Backpropagation with Matrix Calculus
The previous chapters we used a Scalar derivation of the Back Propagation formula to implement it in a simple two layer neural network. What we have done is is to use Hadamard product and matrix transposes with scalar derivation alignment.
But we have not really explained why we use Hadamard product and matrix transposes with scalar derivation alignment.
This is due to Matrix Calculus which is the real way in which we should be deriving the Back Propagation formula.
Lets explore this in this chapter. Note that we are still not using a Softmax activation function in the output layer as is usually the case with Deep Neural Networks. Deriving the Back Propagation formula with Softmax activation function is bit more complex and we will do that in a later chapter.
Let’s take the previous two layered simple neural network,with a Mean Square Error Loss function, and derive the Back Propagation formula with Matrix Calculus now.
Let’s write the equation of the following neural network
x is the Input
y is the Output.
l is the number of layers of the Neural Network.
a is the activation function ,(we use sigmoid here)
Where the activation $a^l$ is \(a^{l} = \sigma(W^l a^{l-1}+b^l).\)
and
\[a^{l} = \sigma(z^l) \quad where \quad z^l =W^l a^{l-1} +b^l\]Our two layer neural network can be written as
\[\mathbf { a^0 \rightarrow a^{1} \rightarrow a^{2} \rightarrow y }\]($a^2$ does not denote the exponent but just that it is of layer 2)
Some Math Intuition
The concept of a Neural Network as a composition of functions remains central.
In our network, most layers represent functions that map a Vector to a Vector ($\mathbb{R}^n \to \mathbb{R}^m$). For example, the hidden layers take an input vector and produce an activation vector.
However, the final step—calculating the Loss—is different. It maps the final output vector $a^L$ (and the target $y$) to a single Scalar value, the Cost $C$ ($\mathbb{R}^n \to \mathbb{R}$).
Gradient Vector
When we take the derivative of a scalar-valued function (like the Cost $C$) with respect to a vector (like the weights $w$), the result is a vector of the same size as $w$. This is called the Gradient Vector.
\[\nabla_w C = \begin{bmatrix} \frac{\partial C}{\partial w_1} \\ \vdots \\ \frac{\partial C}{\partial w_n} \end{bmatrix}\]Why is it called a “gradient”?
Because the gradient points in the direction of steepest increase of the function.
Moving a tiny step along $+\nabla_w C$ increases the cost the fastest.
Moving a tiny step against it, i.e. along $-\nabla_w C$, decreases the cost the fastest.
That’s exactly why gradient descent updates parameters like this:
\[w \leftarrow w - \eta \nabla_w C\]where $\eta$ is the learning rate.
So the gradient vector is more than a list of derivatives—it’s the local direction that tells us how to change parameters to reduce the loss.
See the Colab 7_1 for a generated visualization of this.
The first image is the plotting of the Cost function

The second image where you see the cones are the gradient vector of the Cost function wrto weights plotted in 3D space.

Jacobian Matrix
The second key concept is the Jacobian Matrix.
As mentioned earlier, in our network, most layers represent functions that map a Vector to a Vector ($\mathbb{R}^n \to \mathbb{R}^m$).
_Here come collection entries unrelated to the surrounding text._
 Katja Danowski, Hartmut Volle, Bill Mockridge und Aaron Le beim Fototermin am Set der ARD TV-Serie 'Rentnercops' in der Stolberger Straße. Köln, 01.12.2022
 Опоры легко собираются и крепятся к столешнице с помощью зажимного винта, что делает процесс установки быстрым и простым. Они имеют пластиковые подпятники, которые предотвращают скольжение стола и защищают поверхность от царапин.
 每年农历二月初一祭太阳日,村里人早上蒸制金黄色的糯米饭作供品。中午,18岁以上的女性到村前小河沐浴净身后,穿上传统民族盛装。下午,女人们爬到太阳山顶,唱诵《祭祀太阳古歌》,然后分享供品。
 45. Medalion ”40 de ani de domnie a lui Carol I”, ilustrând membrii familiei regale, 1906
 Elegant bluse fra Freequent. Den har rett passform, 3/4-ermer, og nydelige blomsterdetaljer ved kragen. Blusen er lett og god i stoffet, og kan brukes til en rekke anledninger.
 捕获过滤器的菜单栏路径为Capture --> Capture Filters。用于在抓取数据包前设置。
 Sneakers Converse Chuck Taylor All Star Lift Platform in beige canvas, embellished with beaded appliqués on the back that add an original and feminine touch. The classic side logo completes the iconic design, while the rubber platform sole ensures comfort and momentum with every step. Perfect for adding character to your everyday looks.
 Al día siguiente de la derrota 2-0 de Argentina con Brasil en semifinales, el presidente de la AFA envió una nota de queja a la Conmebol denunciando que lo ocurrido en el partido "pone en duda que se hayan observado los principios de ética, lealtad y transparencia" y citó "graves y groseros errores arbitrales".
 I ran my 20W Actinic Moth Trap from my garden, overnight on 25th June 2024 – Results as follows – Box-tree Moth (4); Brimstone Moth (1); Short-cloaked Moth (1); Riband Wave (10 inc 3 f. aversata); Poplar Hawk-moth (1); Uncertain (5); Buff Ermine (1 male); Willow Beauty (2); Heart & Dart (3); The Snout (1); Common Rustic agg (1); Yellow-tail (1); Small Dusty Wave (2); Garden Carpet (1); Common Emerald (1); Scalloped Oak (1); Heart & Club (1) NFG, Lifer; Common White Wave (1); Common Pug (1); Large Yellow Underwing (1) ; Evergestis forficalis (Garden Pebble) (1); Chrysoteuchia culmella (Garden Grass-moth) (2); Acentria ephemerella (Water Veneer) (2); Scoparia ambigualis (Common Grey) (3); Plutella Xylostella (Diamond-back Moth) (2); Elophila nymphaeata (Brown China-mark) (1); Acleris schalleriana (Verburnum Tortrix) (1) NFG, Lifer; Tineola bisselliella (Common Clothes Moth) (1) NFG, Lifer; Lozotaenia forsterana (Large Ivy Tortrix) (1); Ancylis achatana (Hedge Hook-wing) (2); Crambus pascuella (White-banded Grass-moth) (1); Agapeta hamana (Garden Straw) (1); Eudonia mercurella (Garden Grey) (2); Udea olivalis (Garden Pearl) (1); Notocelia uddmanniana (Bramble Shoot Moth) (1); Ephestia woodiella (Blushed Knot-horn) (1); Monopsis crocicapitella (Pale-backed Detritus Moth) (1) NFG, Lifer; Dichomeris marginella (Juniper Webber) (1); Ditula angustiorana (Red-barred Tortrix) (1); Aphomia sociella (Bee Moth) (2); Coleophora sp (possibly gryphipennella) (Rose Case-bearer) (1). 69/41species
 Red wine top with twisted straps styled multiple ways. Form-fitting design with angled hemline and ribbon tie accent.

For example, a hidden layer takes an input vector $x$ and produces an activation vector $a$.
What is the derivative of a vector-valued function with respect to a vector input? This is where the Jacobian comes in.
For a function $f: \mathbb{R}^n \to \mathbb{R}^m$ that maps an input vector $x$ of size $n$ to an output vector $y$ of size $m$, the derivative is an $m \times n$ matrix called the Jacobian Matrix $J$.
The entry $J_{ij}$ is the partial derivative of the $i$-th output component with respect to the $j$-th input component:
\[J_{ij} = \frac{\partial f_i}{\partial x_j}\]The Chain Rule with Matrices
The beauty of the Jacobian is that it allows us to generalize the chain rule.
For scalar functions, the chain rule is just multiplication: $(f \circ g)’(x) = f’(g(x)) \cdot g’(x)$.
For vector functions, the chain rule becomes Matrix Multiplication of the Jacobians:
If we have a composition of functions $y = f(g(x))$, and we let $A$ be the Jacobian of $f$ and $B$ be the Jacobian of $g$, then the Jacobian of the composition is simply the matrix product $A \cdot B$.
\[(A \cdot B)_{ij} = \sum_{k=1}^m A_{ik} \cdot B_{kj}\]So, the Jacobian is a matrix of partial derivatives that represents the local linear approximation of a vector function. When we say the Jacobian represents a “local linear approximation,” we mean:
\[\text{Change in Output} \approx \text{Jacobian Matrix} \cdot \text{Change in Input}\] \[\Delta y \approx J \cdot \Delta x\]It tells us: “If I nudge the input vector by a tiny vector $\Delta x$, the output vector will change by roughly the matrix-vector product $J \cdot \Delta x$.”
Backpropagation Trick - VJP (Vector Jacobian Product) and JVP (Jacobian Vector Product)
There is one more trick that we can use to make backpropogation more efficient.
Let me explain with an example.
Suppose we have a chain of functions: $y = f(g(h(x)))$. To find the derivative $\frac{\partial y}{\partial x}$, the chain rule tells us to multiply the Jacobians: \(J_{total} = J_f \cdot J_g \cdot J_h\)
If $x, h, g, f$ are all vectors of size 1000, then each Jacobian is a $1000 \times 1000$ matrix. Multiplying them is expensive ($O(N^3)$).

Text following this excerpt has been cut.